[Opening RECORDS SUPPLIED section]

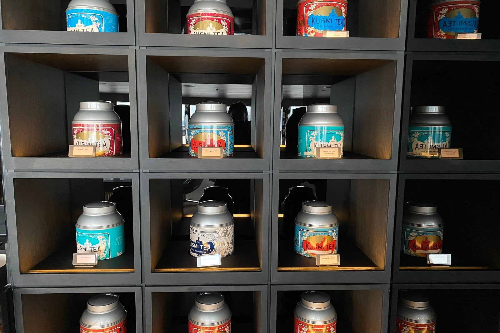 Sadly, the self-serve coffee machine was often empty, and when it worked, the drinks tasted watered down. The full wall of gourmet Kusmi teas made up for it, though.
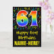 The front of this fun, colorful, and vibrant birthday themed greeting card design features a large number "61" having a rainbow spectrum gradient inspired pattern. It also features the message "Happy 61st Birthday,", and a customizable recipient name. The front also has a colorful music notes and symbols pattern. The inside features a custom birthday greeting message, or could perhaps be cleared and left blank if a message is to be written by hand instead. A personalized birthday card like this might be a fun way to celebrate somebody’s sixty first birthday. [~Z0000420]
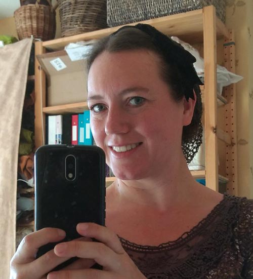 ik zou het opvullen met nephaar ( toko ) maar het haar zo uit je gezicht staat je juist goed, vind ik.
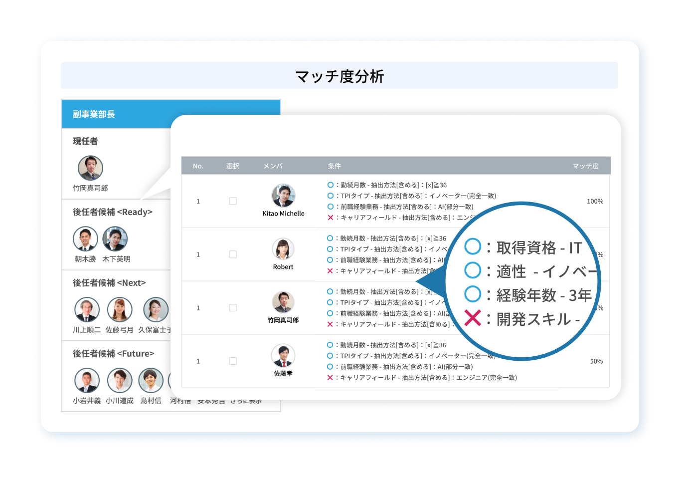 - 後継者育成・抜擢・グループ間異動により、戦略的な人材配置を実現します。
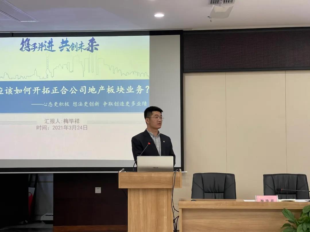 3月24日下午,金开集团首场房地产开发业务交流培训会在集团108会议室召开。正合公司副总经理梅毕祥受邀作了主题为《我们应该如何开拓正合公司地产板块业务?——心态更积极,想法更创新,争取创造更多业绩》的专题授课。集团党委书记、董事长谢荣华,集团党委委员、副总经理李茶根,集团党委委员、纪委书记方义发出席,集团相关部门负责人及正合公司全体人员参加。

[Closing RECORDS SUPPLIED section]

* REQUIRED WORK:
Set down the data exactly as it appears, without any images.

* ANSWER TO THIS TASK:
 Sadly, the self-serve coffee machine was often empty, and when it worked, the drinks tasted watered down. The full wall of gourmet Kusmi teas made up for it, though.
 The front of this fun, colorful, and vibrant birthday themed greeting card design features a large number "61" having a rainbow spectrum gradient inspired pattern. It also features the message "Happy 61st Birthday,", and a customizable recipient name. The front also has a colorful music notes and symbols pattern. The inside features a custom birthday greeting message, or could perhaps be cleared and left blank if a message is to be written by hand instead. A personalized birthday card like this might be a fun way to celebrate somebody’s sixty first birthday. [~Z0000420]
 ik zou het opvullen met nephaar ( toko ) maar het haar zo uit je gezicht staat je juist goed, vind ik.
 - 後継者育成・抜擢・グループ間異動により、戦略的な人材配置を実現します。
 3月24日下午,金开集团首场房地产开发业务交流培训会在集团108会议室召开。正合公司副总经理梅毕祥受邀作了主题为《我们应该如何开拓正合公司地产板块业务?——心态更积极,想法更创新,争取创造更多业绩》的专题授课。集团党委书记、董事长谢荣华,集团党委委员、副总经理李茶根,集团党委委员、纪委书记方义发出席,集团相关部门负责人及正合公司全体人员参加。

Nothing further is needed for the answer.